Evaluation of immunostaining

Entire tissue slides were evaluated to eliminate confounding effects due to intratumoural heterogeneity, which has been reported for iICP expression, particularly PD-L1 (24, 25). Evaluation of immunostaining was performed by a board certified dermatopathologist and reproducibility was verified by evaluation of randomly selected samples by an additional pathologist, both blinded to clinical parameters. PD-L1 staining of the epithelial tumour component and of TIL in the peritumoural stroma were analysed separately and expressed as PD-L1 Tumor Proportion Score (TPS), defined as the percentage of viable tumour cells exhibiting complete or partial membranous staining at any intensity above background cytoplasmic staining, and PD-L1 Immune Cell Score (IC), respectively, as previously defined (26). In line with current consensus, only membranous PD-L1 staining was considered positive for the epithelial tumour component, while for TIL both cytoplasmatic and membranous staining were regarded as positive. Based on recent references, PD-L1 TPS positivity was defined as ≥ 1% stained tumour cells (27–30). CD8 and TIGIT immunostainings were regarded as positive in case of specific cytoplasmic or membranous staining and expressed as the proportion of positive immune cells relative to the tumour cell area. CD155 immunostaining was considered positive only in case of a specific membranous staining and expressed as percentage of analysed cells, as previously described (20). Cut-off-values for TIGIT and CD155 positivity in cSCC are not or insufficiently established and were defined at ≥ 5% and ≥ 1%, respectively, for statistical evaluation as previously proposed (20, 31, 32), while the median value was used as cut-off to discriminate high and low density of CD8⁺ immune infiltrates.

Statistical analysis

All statistical analyses were performed with R version 4.2.2 (33). Differences in clinicopathological characteristics between groups defined by immunoexpression status were assessed with Fisher’s exact test or Student’s t-test (for age). Differences in quantitative (non-dichotomized) expression between subgroups were assessed with Wilcoxon’s signed-rank test. Spearman’s rank correlation and a corresponding test based on algorithm AS89 was used for the association of 2 quantitative expression measures. p ≤ 0.05 was considered statistically significant. Since all analyses were exploratory, no adjustments for multiple comparisons were performed.

RESULTS

Clinicopathological characteristics of patients and tumours are summarized in Table I. Exploratory analyses for tumour tissues from 50 patients, predominantly men (n = 39, 78.0%) at a median age of 78 years (range 48–95 years) were conducted. The vast majority of tumours, comprising 36 primary cSCC at diverse differentiation stages (G1–G3), 9 KA and 5 cutaneous metastases, was localized in chronic sun-exposed body sites, mostly the head and neck region (n = 35, 70.0%).

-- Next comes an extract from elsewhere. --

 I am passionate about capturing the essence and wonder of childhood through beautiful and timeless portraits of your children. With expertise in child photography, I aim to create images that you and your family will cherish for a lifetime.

Table I. Clinicopathological characteristics of the study cohort

Characteristics	n (%)
Sex, n (%)  Female  Male	11 (22.0) 39 (78.0)
Age, years, median (range)	78 (48–95)
Tissue  Keratoacanthoma  Cutaneous squamous cell carcinoma   Well-differentiated (G1)   Moderately differentiated (G2)   Poorly differentiated (G3) Metastasis	9 (18.0) 9 (18.0) 11 (22.0) 16 (32.0) 5 (10.0)
Tumour thickness, mm, median (range)	5.4 (0.6–15.0)
Anatomical site  Head/neck  Upper extremities  Lower extremities  Trunk	35 (70.0) 9 (18.0) 3 (6.0) 3 (6.0)

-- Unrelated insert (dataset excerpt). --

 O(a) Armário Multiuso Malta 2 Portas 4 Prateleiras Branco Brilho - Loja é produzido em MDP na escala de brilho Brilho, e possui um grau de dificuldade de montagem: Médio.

Immunohistochemical staining

Representative images of cSCC stained for PD-L1, TIGIT, CD155 and CD8⁺ TIL are shown in Fig. 1. PD-L1 immunoexpression on tumour cells and immune cells was evaluated in all samples. TIGIT and CD8 immunostaining was successfully evaluated in 49 tissue specimens. One specimen had to be excluded due to insufficient tumour material that did not meet the evaluation criteria (drop-out rate 2%). TIGIT expression was found to be exclusively expressed by mononuclear immune cells with absent immunoreactivity in cSCC tumour epithelium. By contrast, CD155 was exclusively expressed by tumour cells with foremost membranous staining. CD8⁺ immune cell infiltrates were detected in all samples.

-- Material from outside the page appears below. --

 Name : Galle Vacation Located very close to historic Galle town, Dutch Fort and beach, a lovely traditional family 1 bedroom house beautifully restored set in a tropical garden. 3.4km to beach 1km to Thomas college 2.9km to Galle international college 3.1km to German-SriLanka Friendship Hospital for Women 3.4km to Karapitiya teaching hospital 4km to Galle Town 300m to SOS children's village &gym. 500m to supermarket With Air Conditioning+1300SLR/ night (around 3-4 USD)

Fig. 1. Immunohistochemical staining. Representative examples of programmed death-ligand 1 (PD-L1) expression of tumour cells (A, left panels; PD-L1 Tumor Proportion Score (TPS) of whole tumour section: 90%) and immune cell infiltrates (A, right panels; PD-L1 Immune Cell Score (IC) of whole tumour section: 20%), T-cell immunoreceptor with immunoglobulin and immunoreceptor tyrosine-based inhibition motif domain (TIGIT) (B; TIGIT expression of whole tumour section: 40%) and CD155 immunoexpression (C; CD155 expression of whole tumour section: 50%) and CD8⁺ infiltrating immune cells (D; CD8+ tumour infiltrating leucocytes (TIL) density of whole tumour section: 50%) in cutaneous squamous cell carcinoma. Selected tissue slides were digitalized using a NanoZoomer S60 slide scanner (Hamamatsu Photonics Deutschland GmbH, Herrsching am Ammersee, Germany) for image acquisition with Aperio Image Scope Software (version 12.4.0.5043, Leica Biosystems, Nussloch, Germany). Original magnification ×100 (upper panels; scale bars: 200 µm) and insert ×200 (lower panels; scale bars: 100 µm).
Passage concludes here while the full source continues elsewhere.